**YOUR OBJECTIVE:** Please write out the entire listing below exactly, excluding its pictures.

**INFORMATION SUPPLIED:**

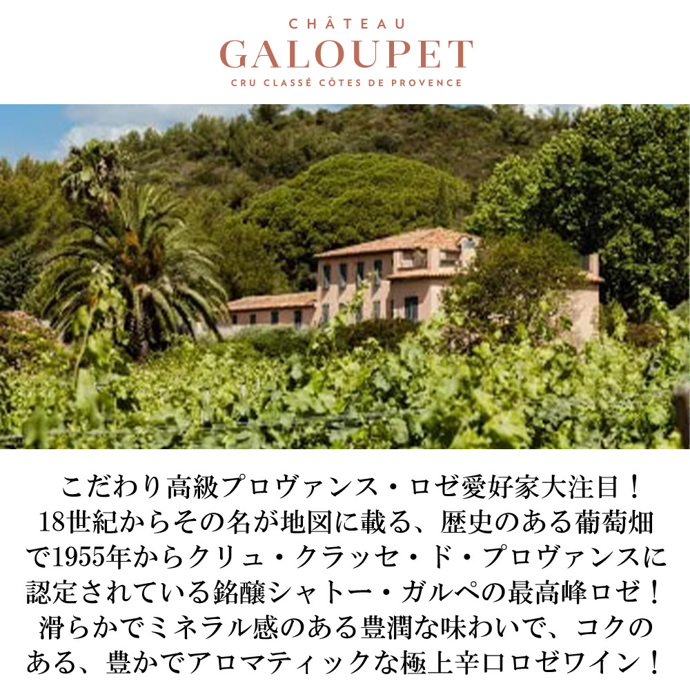 【商品名】シャトー・ガルペ・クリュ・クラッセ・ド・プロヴァンス・ロゼ[2023]年・AOCコート・ド・プロヴァンス・ロゼ・正規代理店輸入品・アルコール度数14%・ロゼ・辛口・ロウ封印キャップ【英名】Chateau GALOUPET Cru Classe de Provence 2023
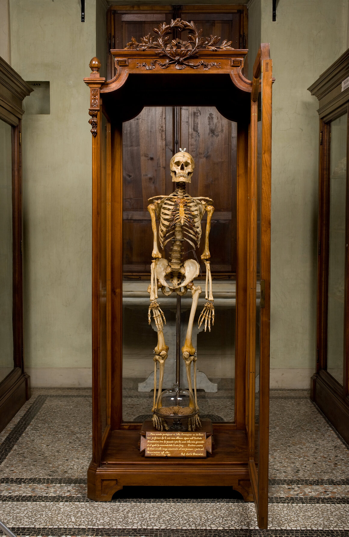 Tucked between the tibias of a standing skeleton in a museum in Turin, Italy, is a peculiar glass dome. The small container almost escapes notice, located in the last room of the Luigi Rolando Museum of Human Anatomy. Despite the wooden plaque below the item, the explanation just raises more questions. “Being neither an advocate of cremation nor cemeteries, I would like my bones to be laid to rest in the Anatomical Institute,” the inscription reads. “I would also like my brain to be preserved with my method and placed…
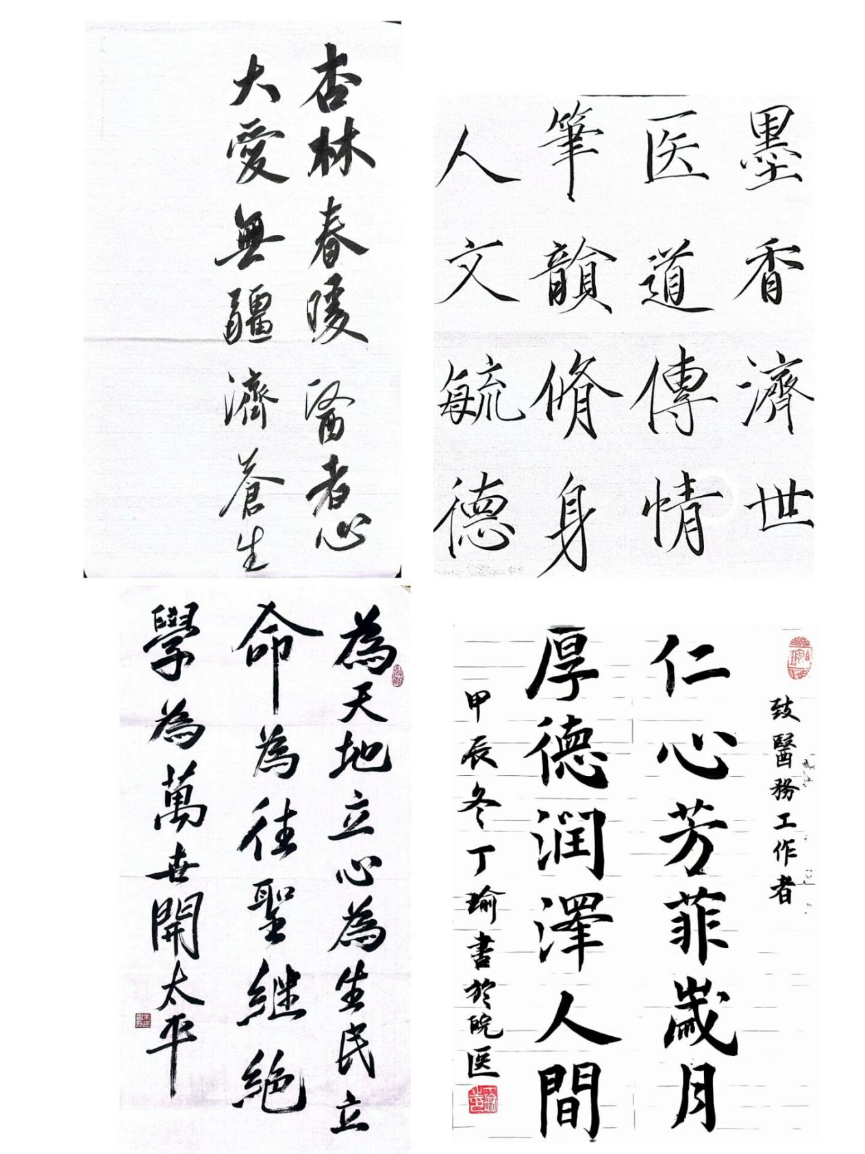 墨香医道,笔韵人文。书法之美在于气韵生动,承载着中华优秀传统文化的深厚内涵。同学们的硬笔书法作品铁画银钩、遒劲有力,软笔书法作品汪洋恣意、清秀雅致,每一笔每一划都是情感的流淌,彰显了同学们对书法文化的热爱。

**YOUR RESPONSE:**
 【商品名】シャトー・ガルペ・クリュ・クラッセ・ド・プロヴァンス・ロゼ[2023]年・AOCコート・ド・プロヴァンス・ロゼ・正規代理店輸入品・アルコール度数14%・ロゼ・辛口・ロウ封印キャップ【英名】Chateau GALOUPET Cru Classe de Provence 2023
 Tucked between the tibias of a standing skeleton in a museum in Turin, Italy, is a peculiar glass dome. The small container almost escapes notice, located in the last room of the Luigi Rolando Museum of Human Anatomy. Despite the wooden plaque below the item, the explanation just raises more questions. “Being neither an advocate of cremation nor cemeteries, I would like my bones to be laid to rest in the Anatomical Institute,” the inscription reads. “I would also like my brain to be preserved with my method and placed…
 墨香医道,笔韵人文。书法之美在于气韵生动,承载着中华优秀传统文化的深厚内涵。同学们的硬笔书法作品铁画银钩、遒劲有力,软笔书法作品汪洋恣意、清秀雅致,每一笔每一划都是情感的流淌,彰显了同学们对书法文化的热爱。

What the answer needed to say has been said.